It was the third round of the 2009 Charles Schwab Cup championship, at the Sonoma Valley Golf Club, and tour golfer Joey Sindelar felt a little dizzy and short of breath. “I remember saying to my caddie, ‘John, are these hills getting to you?’” The caddie said “No.”
The 51-year-old pro wasn’t feeling pain, but was light-headed and was having difficulty breathing. He thought maybe it had been all the flying he’d been doing recently. “It felt like I was in Denver air,” he said.
He tried to play a few more holes, but couldn’t make it. The next thing he knew, Joey Sindelar was in the Sonoma Valley Hospital emergency room.
“I’ll never forget Dr. Cohen coming in and sitting down and saying, “You’re telling a really good story, but it doesn’t match anything. So we’ve got to keep looking.’”
The golfer’s symptoms seemed to indicate heart failure, but he’d recently had a calcium CAT scan and his heart was fine. Cohen called in Dr. James Price, the cardio-pulmonary specialist, and the emergency room team proceeded with a technique known as “diagnosis by exclusion.”
“The sequence,” says Cohen, “was EKG, lab studies, chest x-ray, additional lab studies and finally a CT angiogram of the chest, which ultimately led to the diagnosis of pulmonary embolus.”
Price explained, “If we go on a cross-country trip, or we sit for long period of times, as Sindelar had, the blood in the veins stagnates because we’re not up and moving around, and as a result can form clots. And the clots can propagate and get larger. And those can break off and go to your lung.”
Sindelar was lucky, Price said, he got off that golf course in time. “A lot of people die of those things,” says Price, “He could have died on the course.”
For Price, this was one of many similar events the emergency room handles and serves to emphasize the need for a nearby emergency room. “There are number of people who come in with similar situations, get diagnosed, treated, and their lives are saved. The emergency room really does serve the community very, very well. If we didn’t have this here, if he had to be transported some other place, it’s possible there could have been a different outcome.”
Sindelar remembers Price telling him, “There’s no ego here. If you need to be somewhere else, we’ll get you there.”
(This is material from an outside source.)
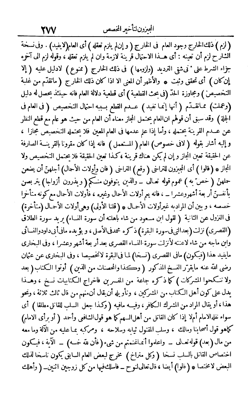 (لزم) ذَلِك الْخَارِج وجود الْعَام فِي الْخَارِج (وَإِن لم يلْزم تعقله) أَي الْعَام (لَا يُفِيد. وَفِي نُسْخَة الشَّارِح لزم أَن تعينه: أَي هَذَا الِاحْتِمَال قرينَة لَازِمَة وَإِن لم يلْزم تعقله، وَقَوله لزم إِلَى آخِره جَزَاء الشَّرْط على ثَانِي شقي الترديد (ولزومها) فِي ذَلِك الْخَارِج (مَمْنُوع) لَا دَلِيل عَلَيْهِ (إِلَّا إِن كَانَ) أَي تحقق وَثَبت وَالْأَظْهَر أَن الْمَعْنى إِلَّا إِذا كَانَ ذَلِك الْخَارِج (مَا تقدم من غَلَبَة التَّخْصِيص) ومجاوزة الْحَد (فِي بحث القطعية) أَي قَطْعِيَّة دلَالَة الْعَام فَإِنَّهُ حِينَئِذٍ يحصل لَهُ دَلِيل (وعملت) مِمَّا تقدم (أَنَّهَا إِنَّمَا تفِيد) عدم الْقطع بِسَبَبِهِ احْتِمَال التَّخْصِيص (فِي الْعَام فِي الْجُمْلَة) وَقد سبق أَن قَوْلهم أَن الْعَام يحْتَمل الْمجَاز مَعْنَاهُ أَن الْعَام من حَيْثُ هُوَ عَام من قطع النّظر عَن عدم الْقَرِينَة يحْتَملهُ، وَأما إِذا علم عدمهَا فِي الْعَام الْمعِين فَلَا يحْتَملهُ التَّخْصِيص مجَازًا، وَإِلَيْهِ أَشَارَ بقوله (لَا فِي خُصُوص) الْعَام (الْمُسْتَعْمل) فَإِنَّهُ إِذا كَانَ مَقْرُونا بِالْقَرِينَةِ الصارفة عَن الْحَقِيقَة تعين الْمجَاز وَإِن لم يكن هُنَاكَ قرينَة، كَذَا تعين الْحَقِيقَة فَلَا يحْتَمل التَّخْصِيص وَلَا الْمجَاز (قَالُوا) أَي المجيزون للتراخي (وَقع) التَّرَاخِي (فَإِن وَأولَات الْأَحْمَال) أَجلهنَّ أَن يَضعن حَملهنَّ (خص بِهِ) عُمُوم قَوْله تَعَالَى - {وَالَّذين يتوفون مِنْكُم ويذرون أَزْوَاجًا يَتَرَبَّصْنَ بِأَنْفُسِهِنَّ أَرْبَعَة أشهر وَعشرا} -، فَإِنَّهُ يعم أولات الْأَحْمَال وَغَيره، فأولات الْأَحْمَال مَعَ كَونه مُتَأَخِّرًا خصصه، وَبَين أَن المُرَاد بِهِ غير أولات الْأَحْمَال (قُلْنَا الأولى) وَهِي أولات الْأَحْمَال (مُتَأَخِّرَة) فِي النُّزُول عَن الثَّانِيَة (لقَوْل ابْن مَسْعُود من شَاءَ باهلته أَن سُورَة النِّسَاء) يُرِيد سُورَة الطَّلَاق (الْقصرى) نزلت (بعدالتي فِي سُورَة الْبَقَرَة) ذكره مُحَمَّد فِي الأَصْل، وَيُؤَيِّدهُ مَا فِي أبي دَاوُد وَالنَّسَائِيّ وَابْن مَاجَه من شَاءَ لَاعَنته لأنزلت سُورَة النِّسَاء الْقصرى بعد أَرْبَعَة أشهر وَعشرا، وَفِي البُخَارِيّ مَا يُفِيد هَذَا (فَيكون) مَا فِي الْقصرى (نسخا) لما فِي الْبَقَرَة لَا تَخْصِيصًا، وَفِي البُخَارِيّ عَن عُثْمَان رَضِي الله عَنهُ مَا يُقرر النّسخ الْمَذْكُور (وَكَذَا وَالْمُحصنَات من الَّذين) أُوتُوا الْكتاب (بعد وَلَا تنْكِحُوا المشركات) كَمَا ذكره جمَاعَة من الْمُفَسّرين فإخراج الكتابيات نسخ، وَهَذَا يدل على كَون أهل الْكتاب من الْمُشْركين، وتأويله أَن يُقَال أَن مِنْهُم من قَالَ ثَالِث ثَلَاثَة، وَنَحْو هَذَا، أَو يُقَال المُرَاد من الْمُشرك الْكَافِر، وَفِيه مَا فِيهِ (وَكَذَا جعل السَّلب للْقَاتِل مُطلقًا) أَي سَوَاء نفله الإِمَام أم لَا إِذا كَانَ الْقَاتِل من أهل السهْم كَمَا هُوَ قَول الشَّافِعِي وَأحمد (أَو بِرَأْي الإِمَام) كَمَا هُوَ قَول أَصْحَابنَا وَمَالك، وسلب الْمَقْتُول ثِيَابه وسلاحه، ومركبه بِمَا عَلَيْهِ من الْآلَة وَمَا مَعَه من مَال (بعد) قَوْله تَعَالَى - {وَاعْلَمُوا أَنما غَنِمْتُم من شَيْء (فَأن لله خمسه}} - الْآيَة، فَيكون اخْتِصَاص الْقَاتِل بالسلب نسخا (وكل متراخ) مخرج لبَعض الْعَام السَّابِق يكون نَاسِخا لذَلِك الْبَعْض لَا مُخْتَصًّا (قَالُوا) أَيْضا، قَالَ تَعَالَى لنوح - {فاسلك فِيهَا من كل زَوْجَيْنِ اثْنَيْنِ} - (وَأهْلك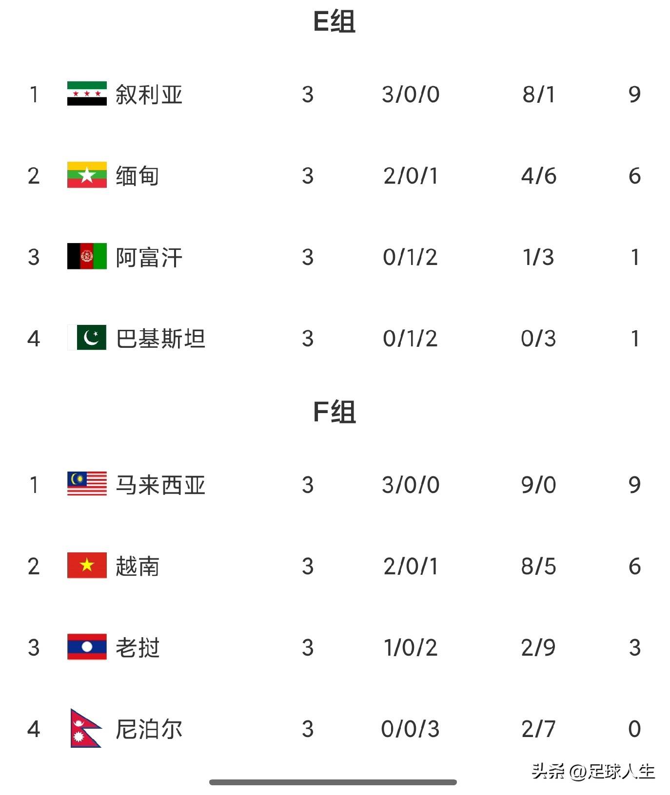其他小组中,黎巴嫩3战7分第一,马来西亚和叙利亚全胜9分第一!

“That’s right,” says Price, explaining Sonoma Valley Hospital has relationships with other hospitals in the area, if people come here and the diagnosis is beyond the scope of this hospital, patients are stabilized and then triaged to other centers. “But this,” he says, looking out the window to the emergency room sign, “is a very important starting point.”
For Sindelar, it was vital. “They gave me, right from the start, just the perfect amount of knowledge I needed, and comfort. It felt like home.”
When he was released, Sindelar took a moment to appreciate his good care and good health. “I just needed to look around the hospital and to drive around the Plaza. I remember saying to my wife, ‘Sue, I almost died here!’”
Sindelar, who had seven Top-10 finishes on this year’s Senior Tour, said he expects to be ready for the 2010 season opener in January.